*Given information:*
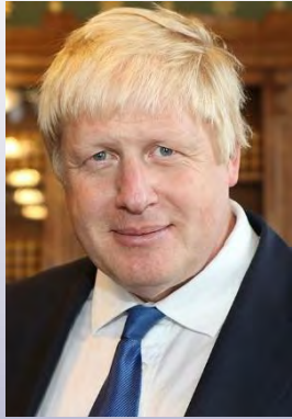
a) Boris Johnson
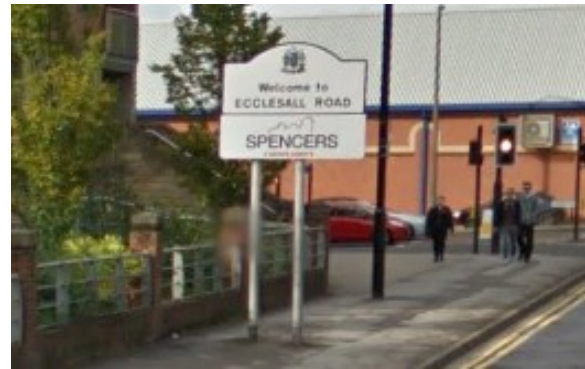
Example Boundary Sign in situ
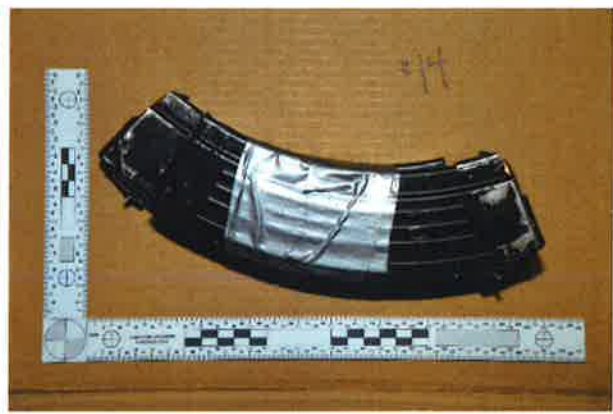
Taped high capacity magazines
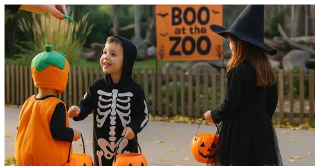
BOO at the ZOO, Hobart Zoo and Aquarium

*Exercise goal:*
Ignoring the pictures, write out word for word the lines from the line containing "Example Boundary Sign in situ" through the end of the material above.

*Expected output:*
Example Boundary Sign in situ
Taped high capacity magazines
BOO at the ZOO, Hobart Zoo and Aquarium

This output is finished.